## What you need to do
When copying the data below, keep only the lines from the one with "ilTable2GUI\setSelectAllCheckbox(), and ilTable2GUI\setTitle()." through the one with "이번에 톰포드 블랙오키드", word for word, and skip the pictures.

## Records for this exercise
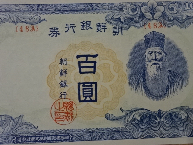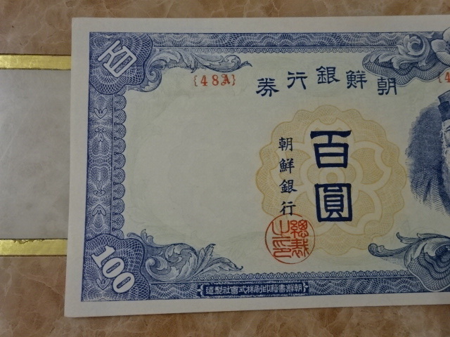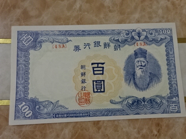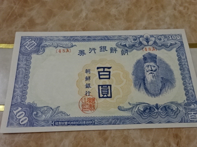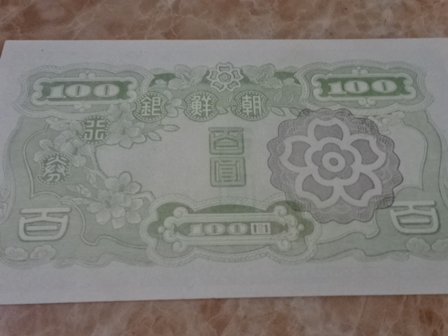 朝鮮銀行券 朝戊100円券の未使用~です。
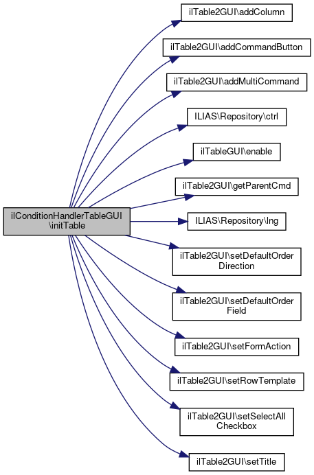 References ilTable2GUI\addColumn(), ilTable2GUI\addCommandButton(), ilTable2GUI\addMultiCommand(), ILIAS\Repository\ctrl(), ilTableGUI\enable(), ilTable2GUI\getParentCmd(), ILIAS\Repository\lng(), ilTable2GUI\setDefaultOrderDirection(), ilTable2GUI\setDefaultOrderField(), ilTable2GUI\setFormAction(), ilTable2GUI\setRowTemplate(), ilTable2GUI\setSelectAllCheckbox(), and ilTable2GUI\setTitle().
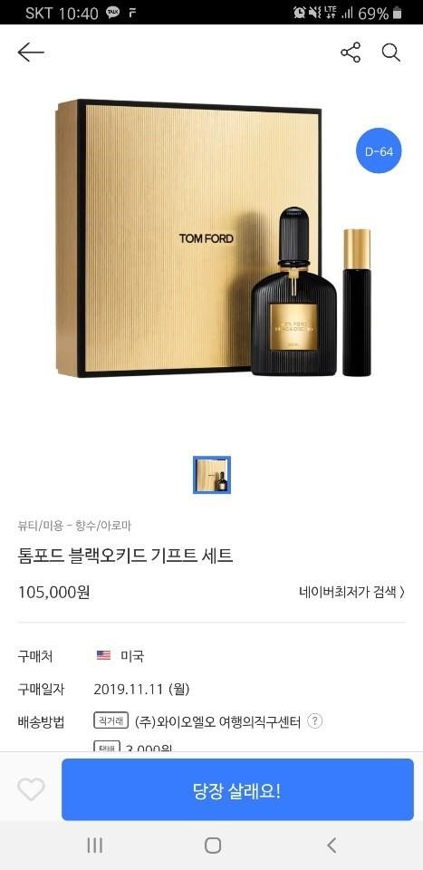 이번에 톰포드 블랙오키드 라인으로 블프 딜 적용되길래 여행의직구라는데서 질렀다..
==
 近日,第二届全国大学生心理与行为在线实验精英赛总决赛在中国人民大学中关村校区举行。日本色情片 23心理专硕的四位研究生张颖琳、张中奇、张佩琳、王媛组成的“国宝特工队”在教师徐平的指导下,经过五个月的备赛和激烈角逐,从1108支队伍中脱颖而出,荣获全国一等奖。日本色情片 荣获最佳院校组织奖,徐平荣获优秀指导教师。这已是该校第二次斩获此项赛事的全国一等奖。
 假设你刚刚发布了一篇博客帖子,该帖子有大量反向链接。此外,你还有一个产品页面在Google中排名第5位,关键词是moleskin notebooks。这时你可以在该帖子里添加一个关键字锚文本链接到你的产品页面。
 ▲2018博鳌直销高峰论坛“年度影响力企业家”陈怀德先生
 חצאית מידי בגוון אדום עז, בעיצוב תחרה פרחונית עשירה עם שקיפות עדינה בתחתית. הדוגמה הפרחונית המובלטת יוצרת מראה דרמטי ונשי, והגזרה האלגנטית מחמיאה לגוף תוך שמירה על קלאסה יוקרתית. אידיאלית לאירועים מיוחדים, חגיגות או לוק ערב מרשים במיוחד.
...
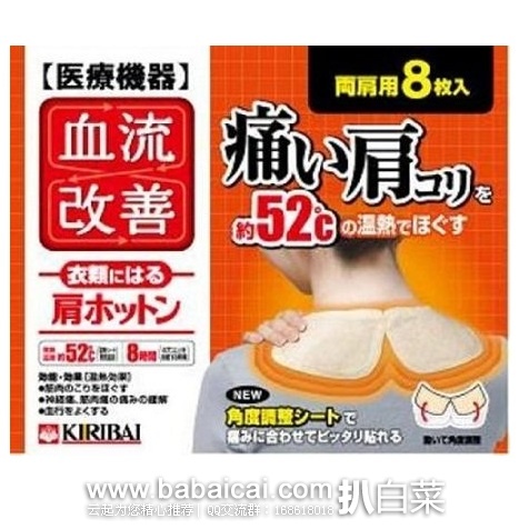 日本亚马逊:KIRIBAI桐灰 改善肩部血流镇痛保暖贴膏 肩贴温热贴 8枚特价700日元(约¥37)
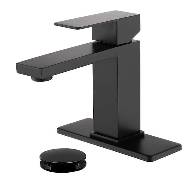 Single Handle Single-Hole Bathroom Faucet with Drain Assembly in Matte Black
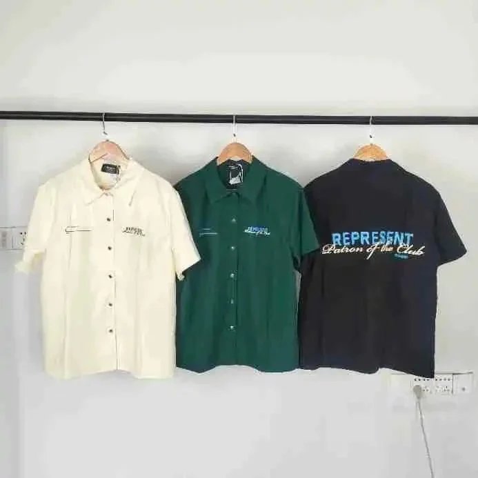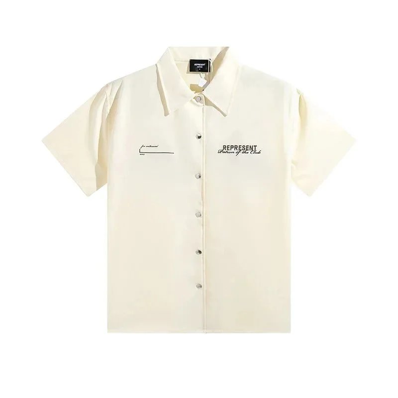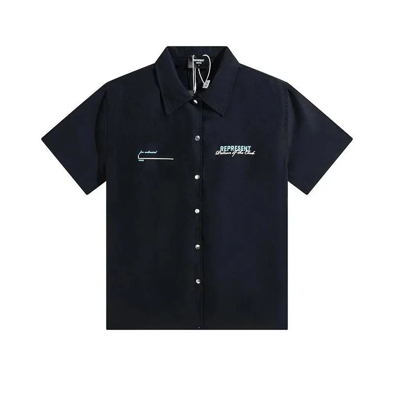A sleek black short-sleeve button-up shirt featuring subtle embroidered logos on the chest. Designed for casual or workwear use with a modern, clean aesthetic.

## Final answer
 References ilTable2GUI\addColumn(), ilTable2GUI\addCommandButton(), ilTable2GUI\addMultiCommand(), ILIAS\Repository\ctrl(), ilTableGUI\enable(), ilTable2GUI\getParentCmd(), ILIAS\Repository\lng(), ilTable2GUI\setDefaultOrderDirection(), ilTable2GUI\setDefaultOrderField(), ilTable2GUI\setFormAction(), ilTable2GUI\setRowTemplate(), ilTable2GUI\setSelectAllCheckbox(), and ilTable2GUI\setTitle().
 이번에 톰포드 블랙오키드 라인으로 블프 딜 적용되길래 여행의직구라는데서 질렀다..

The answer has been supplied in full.